If you want to monitor radio traffic before trains appear, the scanner frequencies for all four railroads operating here are publicly available: CPKC and Metra run on 161.520, Canadian National uses 160.920 for road traffic and 161.295 for dispatcher communications, and IHB operates on 160.980. A basic handheld scanner picks up all of these and turns the experience from passive to interactive. You'll hear a train called in before it arrives.
Both Metra stations in Franklin Park are served by the Milwaukee District West line, with direct service from Chicago Union Station. You can get here without a car, which matters for anyone coming from the city who'd rather not deal with parking near an active rail yard.
Your First Visit Won't Be Your Last
If you've never watched trains deliberately before and you're not sure why anyone would, Franklin Park is the right place to find out. The traffic volume means you won't be standing around wondering if something will happen. Something is always happening.
What tends to click for first-time visitors is the scale. A freight consist rolling through Franklin Park is often 100 cars long, pulled by multiple locomotives, carrying goods that will reach the East Coast or Gulf Coast within 48 hours. Standing next to that at grade level, close enough to feel the air displacement as it passes, is a different experience than seeing a train from a highway overpass. The diamond crossing adds another dimension: two independent rail systems negotiating shared physical space in real time, a kind of infrastructure choreography that most people never see up close.
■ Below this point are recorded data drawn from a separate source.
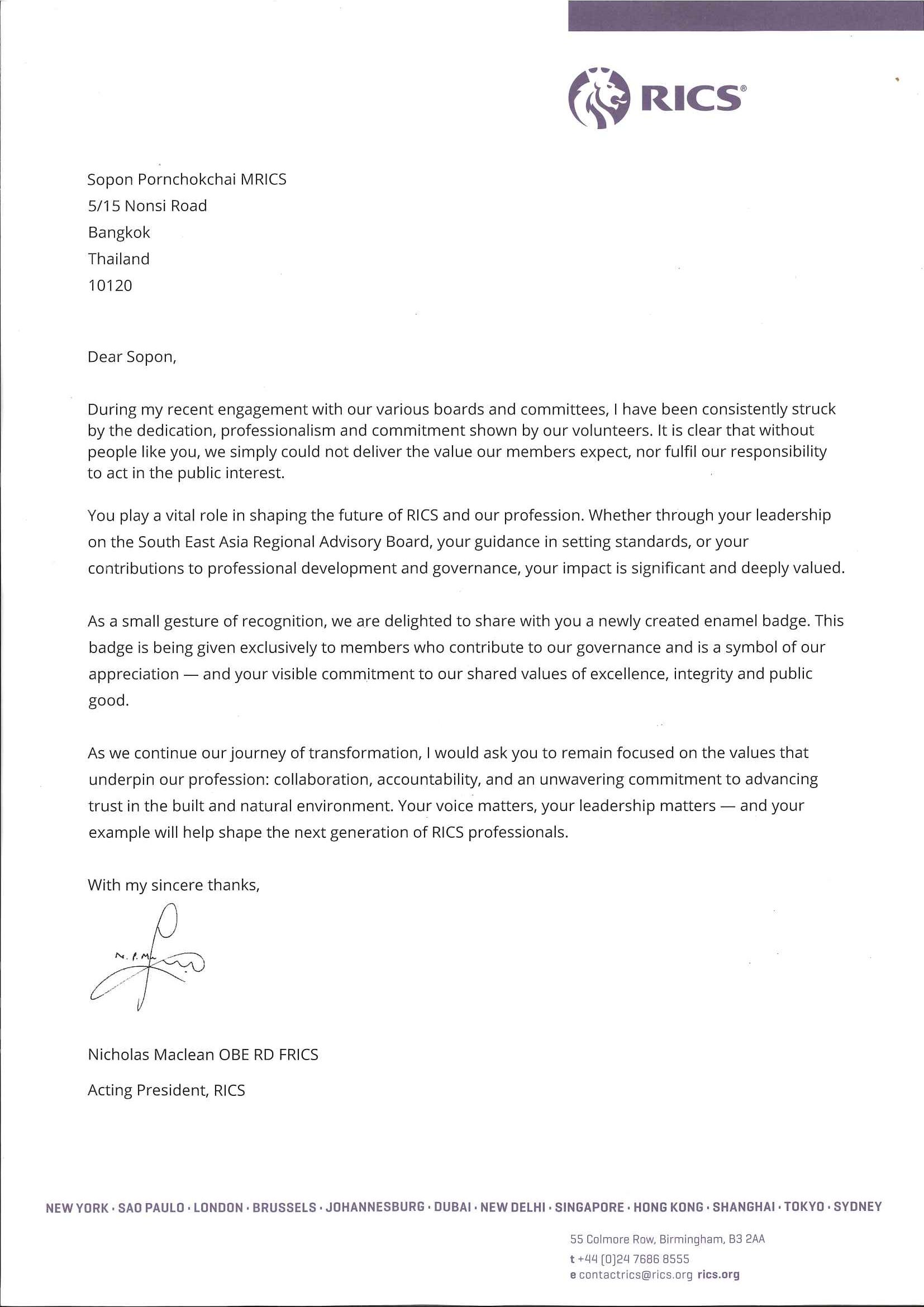 AREA Press Release No. 0077: Dr.Sopon Earning an RICS Certificate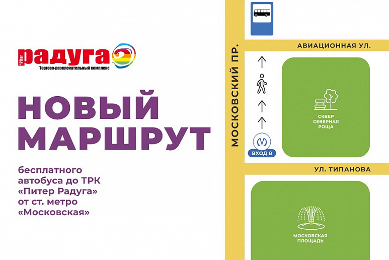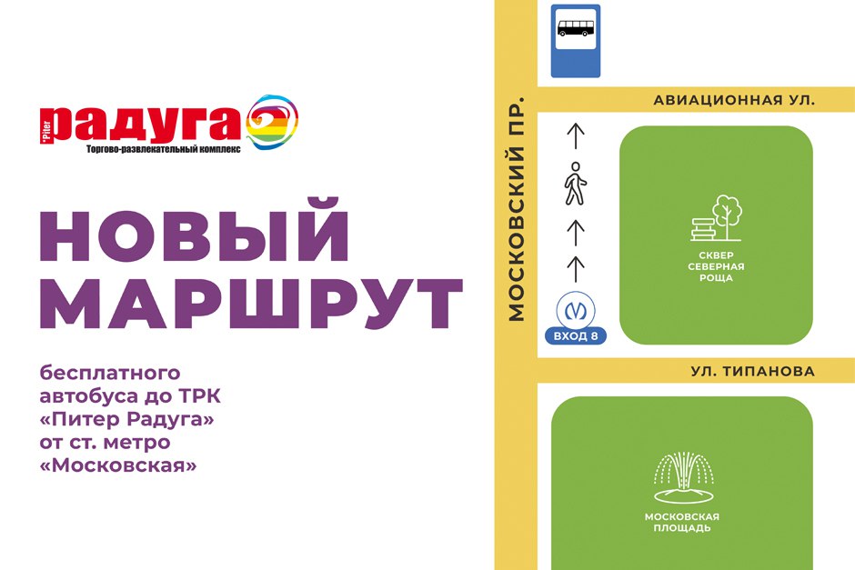 С 29 июня 2025 года на ремонт закрывается станция метро «Парк Победы». Теперь бесплатные автобусы от ТРК «Питер Радуга» будут курсировать до ст. м. «Московская».
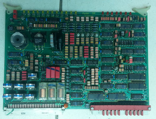Last month’s ware is a controller board for a cutting machine, made by Polar-Mohr. The specific part number printed on the board is Polar SK 020162, which I’m guessing corresponds with this machine. Henry Valta pretty much nailed it, by guessing it as a Baum SK66 cutting circuit board. I’m not quite sure what the relationship is between Baumfolder and Polar-Mohr corporation, but it seems to be close enough that they share controller boards. Congrats, email me for your prize!
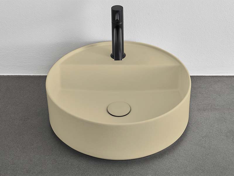 CIELO Shui Comfort SHCOLATF Раковина накладная с одним отверстием под смеситель, без слива-перелива. Все стороны покрыты эмалью. Размер: d45х13h см. Цвет Canapa.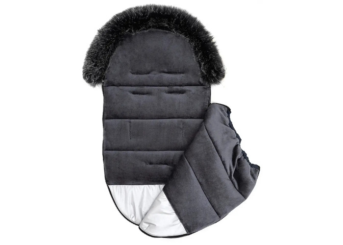 Верхняя часть декорирована съемным, мягким, высококачественным мехом. Сверху конверт можно стянуть в капюшон с помощью специального шнурка, плотно укутывающего голову ребенка для дополнительного комфорта и тепла.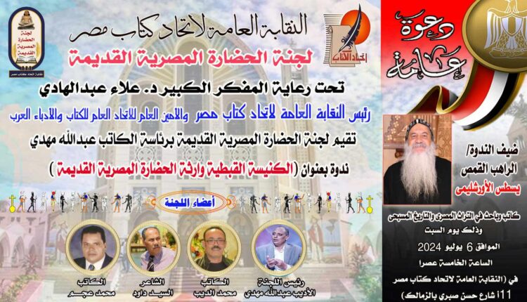 الندوة برعاية المفكر الدكتور علاء عبدالهادى رئيس النقابة العامة لاتحاد كتاب مصر والأمين العام للاتحاد العام للكتاب والأدباء العرب ، تحت عنوان «الكنيسة القبطية وارثة الحضارة المصرية القديمة».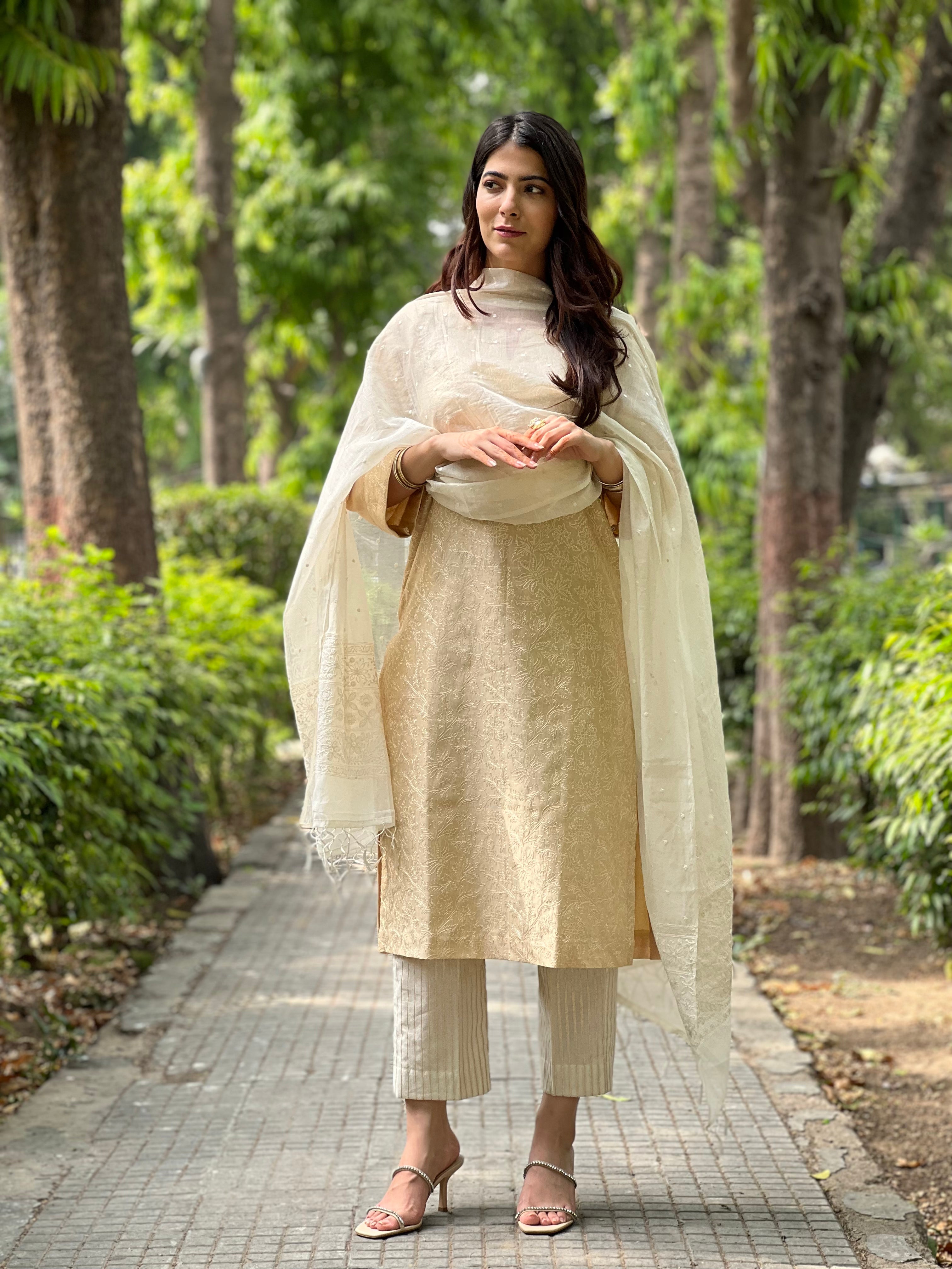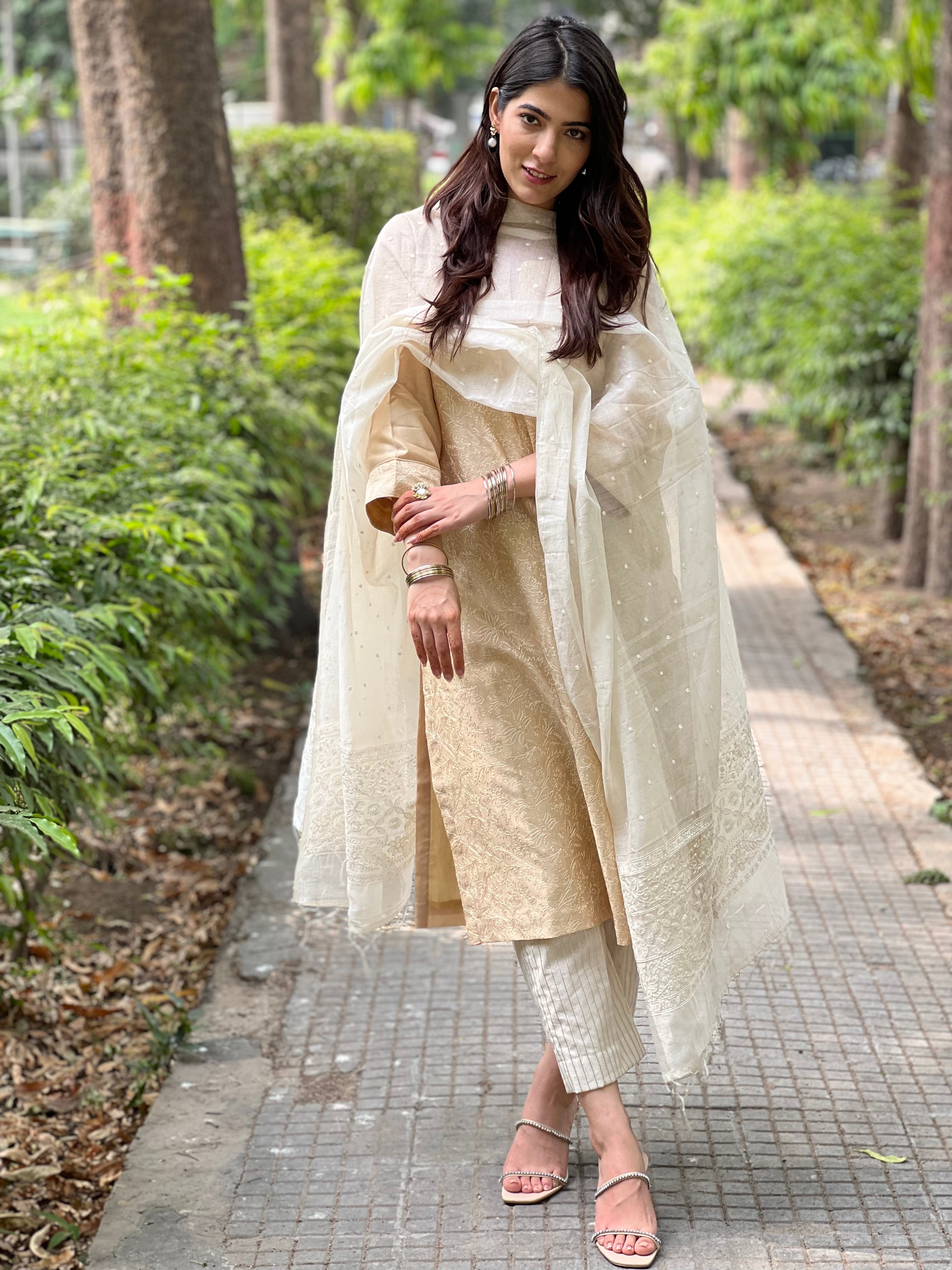 Beige Embroidered Chanderi Kurta with Off White Striped Pants and Dupatta

Weekdays offer the most consistent freight volume, with fewer commuter crowds on the platform. Mornings are typically the most active window. Bring something to sit on if you're planning to stay longer than a few minutes. And if you want to understand what you're watching, spend five minutes reading about the Indiana Harbor Belt railroad before you arrive. It changes what you see.
Tamales at 4 A.M. and the No. 1 Hot Dog in America
It’s worth arriving hungry to Franklin Park and its immediate neighbors. Two stops in particular belong in your plan.
Aracely's Bakery
9667 West Franklin Avenue, Franklin Park
Aracely's Bakery opens at 4:00 a.m., which makes it one of the few places in the suburbs where you can get a tamale and a horchata latte before the morning freight rush starts. The family-owned bakery has been operating since 1982, and it draws people from well outside the Franklin Park area. Reviewers regularly mention driving in from Elgin specifically for the tamales, which have taken top honors at Chicago tamale competitions. The green chicken tamale is the signature order; arrive before 10 a.m., as they sell out. Its conchas are also consistently ranked among the best pan dulce in the northwest suburbs.
Gene & Jude's
2720 North River Road, River Grove
Gene & Jude's is technically in River Grove, about a mile from Tower Park, but don’t let that stop you from visiting. The stand has been at this location on North River Road since 1950, and Serious Eats has ranked it the No. 1 hot dog in America. The menu is deliberately short: hot dogs, double dogs, tamales, and fries that are cut from fresh potatoes daily. There’s no ketchup, no seats. What they call the Depression Dog comes with mustard, onions, relish, sport peppers, and fresh-cut fries piled directly on top of the hot dog inside the bun. It is entirely different from what most people picture when they think of a hot dog. Gene & Jude's was inducted into the Vienna Beef Hot Dog Hall of Fame in 2006.